Патер Глинский надел шляпу с широкими полями и отправился в сад, где застал девушек за игрою в волан. Анюта подбежала к нему и обняла за шею.
— Как вам не стыдно, ведь вы уже не ребенок! — шутя, заметил ей иезуит, с видом знатока любуясь расцветающей красотою.
— Что ж за беда? Я вас люблю по-прежнему! Поиграйте с нами в жмурки!
— Помилуйте! Это неприлично моему сану!
— Вот увидите, как это будет весело.
Шалуньи подхватили патера под руки, отняли у него шляпу и трость, завязали ему глаза носовым платком и с громким смехом начали скакать вокруг него. Напрасно злополучный иезуит старался поймать одну из них; кончилось тем, что он, выбившись из сил, обхватил руками Анютиного пони. Проказницы были в восторге.
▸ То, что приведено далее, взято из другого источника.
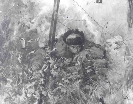 志愿軍第15軍在鐵原東北391高地的反擊作戰(zhàn)中,第29師87團(tuán)戰(zhàn)士邱少云為堅(jiān)守戰(zhàn)場(chǎng)潛伏紀(jì)律,寧可被烈火燒死,也決不暴露目標(biāo)。(美術(shù)作品)

Они посадили патера верхом на лошадку и торжественным маршем двинулись по аллеям.
VIII. Красный кабачок
Утром, когда Елена осторожно вошла в спальню к Эмме, та уже проснулась. Ее роскошные волосы раскинулись по подушке, окружив прелестное личико золотистым ореолом.
— Мне хочется еще полежать… я устала, — проговорила красавица, щуря глазки.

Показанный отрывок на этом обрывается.